A ruling in March this year on noise nuisance has sounded a warning bell for landowners and businesses where noisy activities and unhappy neighbours could be an issue.

The High Court found in favour of two Suffolk residents claiming that the operators of a stadium and track used for speedway racing and banger racing created a noise nuisance. The Court granted an injunction against the operators limiting the noise that could be emitted from the racing venues and awarded damages for the historic impact. 

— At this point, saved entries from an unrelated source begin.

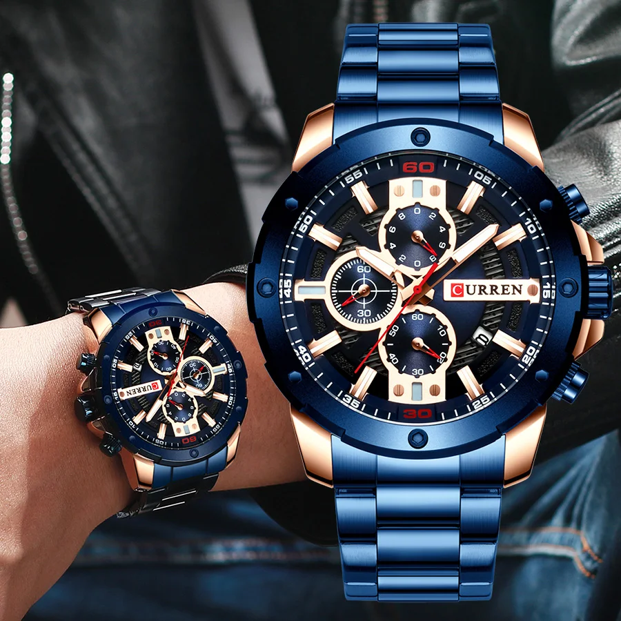 CURREN Модные мужские спортивные часы с синим ремешком из нержавеющей стали, кварцевые наручные часы с хронографом, водонепроницаемые военные часы Relogio Masculino
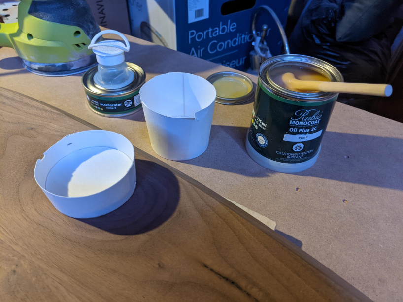 Снимите фурнитуру с доски и приступайте к нанесению финишного покрытия. Смешайте или нанесите финишное покрытие в соответствии с указаниями на этикетке. Дайте финишному покрытию затвердеть в соответствии с указаниями (я оставил его на пару дней).
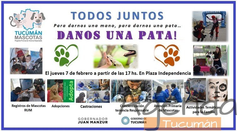 El jueves 7 de febrero de 17 a 20 en Plaza Independencia, el Programa Tucumán Mascotas realizará “Danos una pata”, un evento para concientizar sobre el cuidado de animales.

The case is the latest in a line of successful actions against motor sport operators and is of particular interest as the claimants claimed against the landlord as well as the tenants, and the operators’ claim to a prescriptive right to emit noise was dismissed. In the first instance, the claim against the landlord was dismissed, as it was held that a landlord cannot be liable in nuisance for acts of his tenant where premises, which are not themselves a nuisance, are let for a purpose which can be achieved without a nuisance, but the tenant chooses so to use a demised premises as to create a nuisance.

Businesses whose operations generate noise need to be aware that neighbouring businesses and local residents are increasingly looking towards the Courts to protect them from what they perceive to be excessively noisy activities in their neighbourhoods. If successful, the injunctions awarded by the Courts can severely curtail the activities of the business and may shut it down altogether. 

Landowners and businesses who receive complaints should engage with the complainant and take steps at an early stage to address their concerns to avoid expensive and time-consuming litigation.